Now, if I override the LimitNOFILE (I used systemctl edit docker.service to create an override file and then systemctl daemon-reload/restart docker), I can verify the change:

$ sudo systemctl cat docker
# /lib/systemd/system/docker.service
...
# /etc/systemd/system/docker.service.d/override.conf
[Service]
ExecStart=
ExecStart=/usr/bin/dockerd
LimitNOFILE=infinity

This makes the unit file not set limits and inherit systemd defaults. As expected I see:

$ docker run --rm debian:8.8 /bin/bash -c 'ulimit -Hn && ulimit -Sn && ulimit -Hu && ulimit -Su'
65536
65536
unlimited
unlimited

For the discrepancy in your system I'd check what are the default for systemd and inspect systemctl cat docker to see if your changes have really propagated. The low 4096 value, when specifying infinity sounds like a pam default, but without going into system specific details I wouldn't be able to identify which limit is being picked up and why.

In general though, the defaults in https://github.com/moby/moby/commit/8db61095a3d0bcb0733580734ba5d54bc27a614d should provide high enough defaults for NOFILE and NPROC.

As mentioned earlier in this issue, we're currently working on entitlements to provide a high level security interface to users and the ability to create a security profile tied to images.

We're first looking for a capabilities/seccomp/apparmor/APi-access configuration support but we'll definitely look into sysctl configuration (link to opened issue right above).

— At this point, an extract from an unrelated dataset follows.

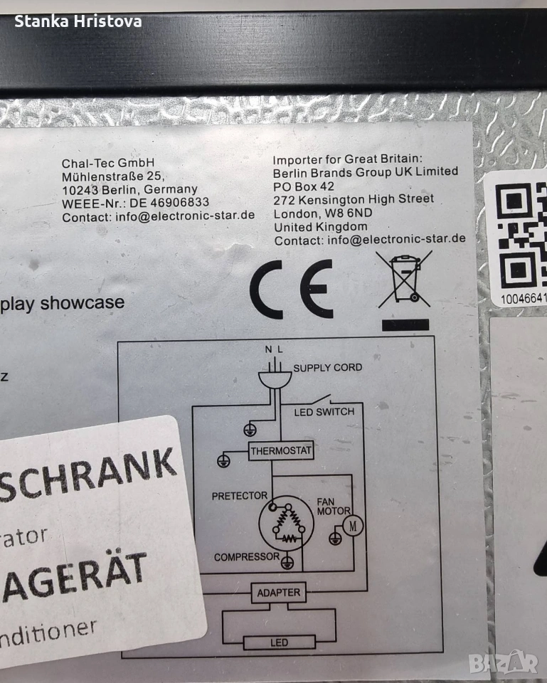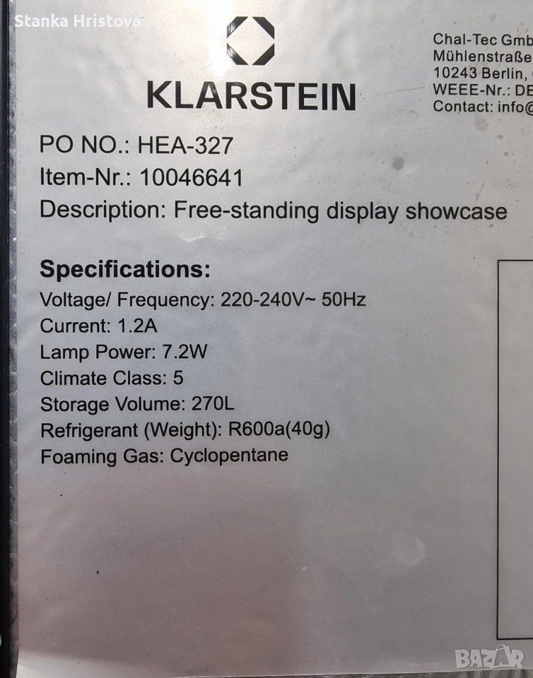 Продавам Работеща Чисто нова Вертикална хладилна витрина Klastein 270L. Много стилна , висок клас НЕМСКА марка. Има си колелца, които я правят леко подвижна. Внос от Германия.

Feel free to propose/discuss stuff there too, we're looking for use-cases and needs to come up with a great granularity.

Any advances on the --ulimits flag for swarm stack deploy? without it elasticsearch cant be deployed as part of an stack

Hi @bitgandtter
@dliappis comments give us a very clear instruction to adjust the docker service ulimit.

You can reference the Vagrant file to let docker service max locked memory unlimited and Docker image to setup elasticsearch cluster.

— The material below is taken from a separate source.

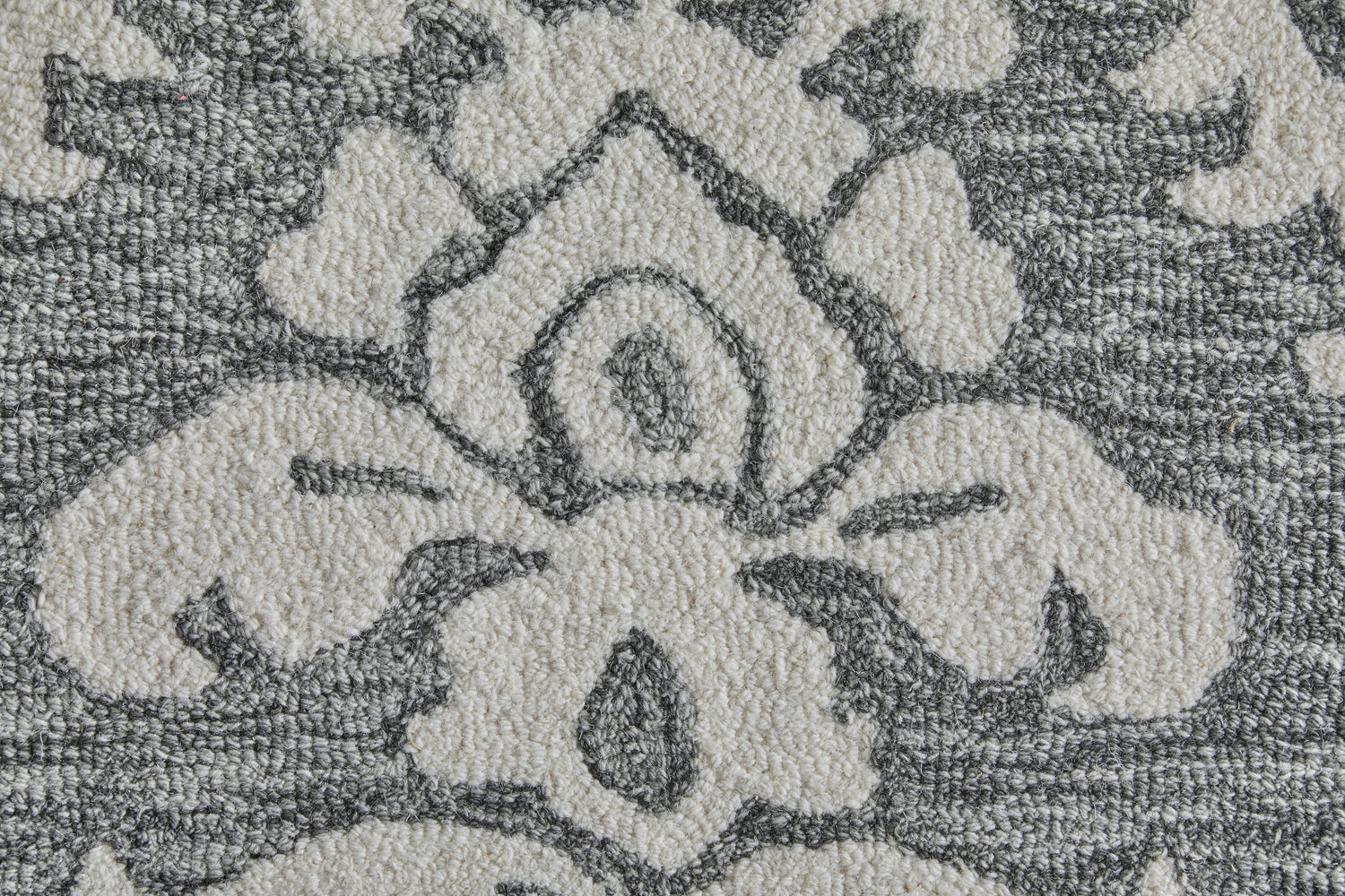 Classic damask elegance in cool gray and ivory — the Feizy Belfort is a handmade wool rug that brings timeless traditional style to any room.

@imyoungyang IIUC that's a workaround on how to set the ulimits for the docker daemon. Changing those settings changes them for every container. Just because elasticsearch needs e.g. 65k file descriptors doesn't mean we should let everyone have such fun.

I guess we need to wait for libentitlement to land? @n4ss any advance in the last month?

@xificurC yes, we're having more entitlements implemented and images such as nginx or dind are starting to work with it :)

IIUC that's a workaround on how to set the ulimits for the docker daemon. Changing those settings changes them for every container. Just because elasticsearch needs e.g. 65k file descriptors doesn't mean we should let everyone have such fun.

@xificurC The Docker Engine defaults since https://github.com/moby/moby/commit/8db61095a3d0bcb0733580734ba5d54bc27a614d have high defaults (for performance reasons). Therefore you don't need to change them (for the sake of increased requirements, say, of Elasticsearch) with recent versions of docker-ce/ee etc. However, you'd need to do the reverse, i.e. reduce the limits per container if you feel that a specific one may potentially abuse resources, so entitlements would be needed for this case.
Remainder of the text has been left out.